A Bill That Could Help First-Home Homebuyers with a Downpayment – the Details

By Rachel Puryear

As always, coming up with a downpayment is a major sticking point for many in owning a home. Proposed federal legislation – if passed – could give some first-time buyers a downpayment boost.

The Downpayment Toward Equity Act of 2021 would offer at least $20,000.00 of downpayment grant assistance to qualifying buyers. Those qualifying buyers who also belong to groups “subjected to racial or ethnic prejudice” could receive an additional $5,000.00 (for a total of $25,000.00).
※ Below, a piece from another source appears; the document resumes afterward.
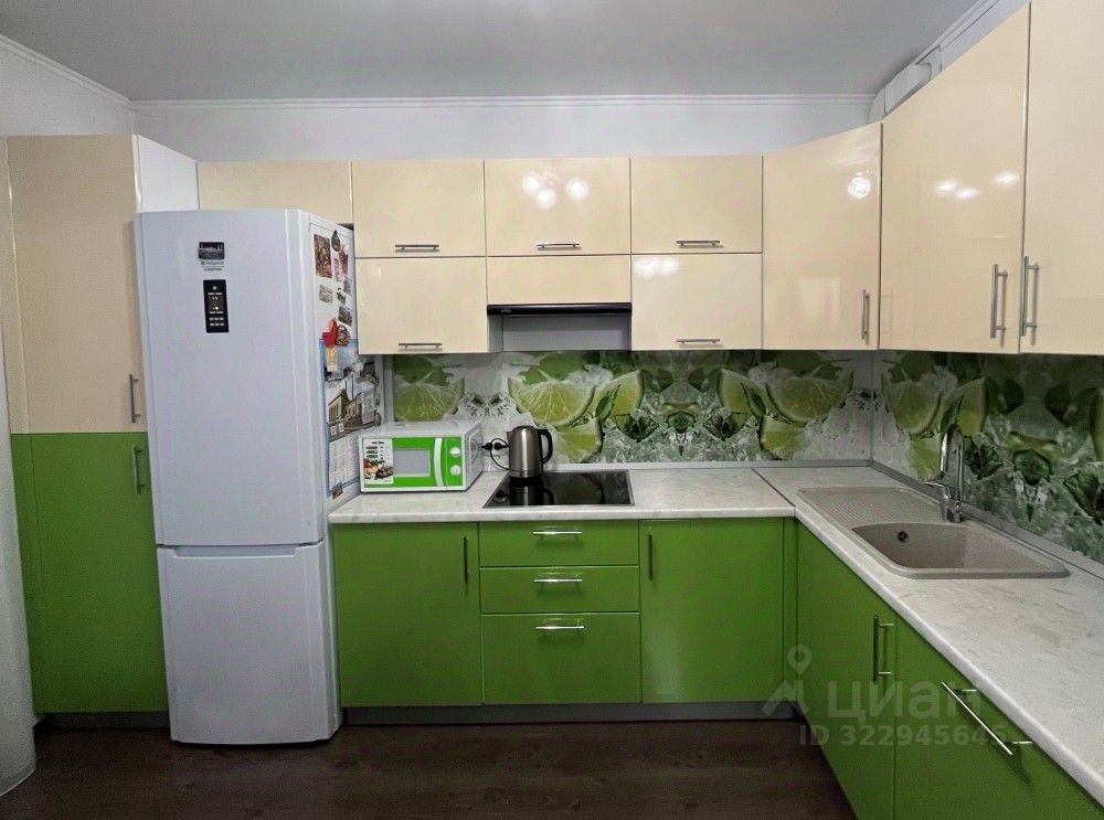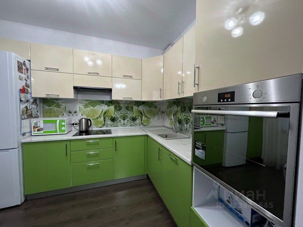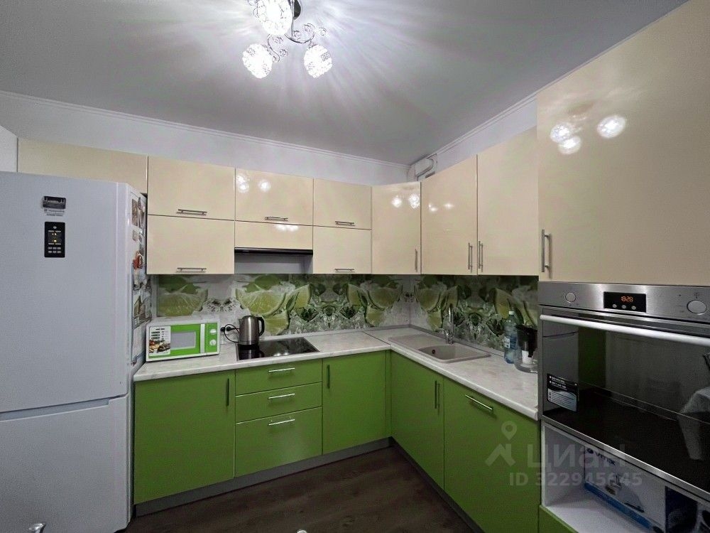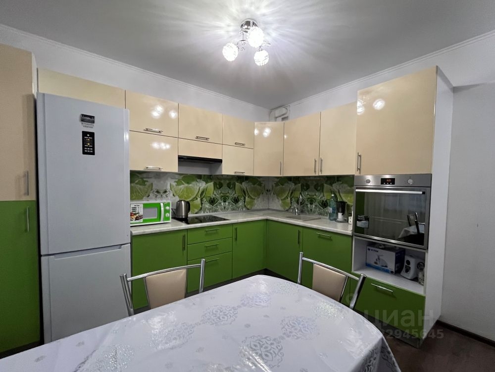 Квартира полностью укомплектована всей необходимой мебелью и электробытовой техникой, кухонным гарнитуром с обеденной зоной ( посудомоечная машина, встроенный духовой шкаф и варочная панель встроены ).

Fair Housing logo – house shape with “equal” sign, and “Equal Housing Opportunity” written below.

To qualify, a buyer must:

  • Not have owned a home in the previous three years.
  • Not make more than 120% of the median income in their area, or more than 180% if they live in a high-cost area.
  • Neither of their parents owned a home – EXCEPT where the parents lost their home in a foreclosure or short sale, or the buyer has ever been in foster care.

The grant funds could be used at closing towards downpayment on residential property (1-4 units, can include a condo or townhouse or manufactured home).

This could bring a lot of potential home buyers closer. It still does not overcome housing supply shortage, which continues to drive up housing prices and create a fiercely competitive housing market. In pricy areas like the Bay Area, even $25,000.00 will still leave plenty of onus on buyers to come up with the rest. But it’s a start.

Also notable is the Biden administrations’s proposal of a (up to) $15,000.00 homebuyer tax credit – now a bill currently before Congress – known as the “First-Time Homebuyer Act”. If passed, this legislation would provide first-time homebuyers (defined as not having owned or purchased a home within the previous three years) with a tax credit of up to 10% of the purchase price, capped at $15,000.00. Eligible participants would make no more the 160% of the median income in their area, and purchase a home for no more than 110% of the area’s median purchase price, and use the home as a primary residence for at least four years. Again, given that just about anything in the Bay Area costs a lot more than the $150,000.00 it would take to reach the tax credit’s cap, the effect of offsetting some of the purchase price through a tax credit could be fairly minimal here. But, perhaps every little bit helps. In any event, this bill is something to watch in the coming weeks.

As always, dear readers, thank you for reading, following, and sharing. Best to you.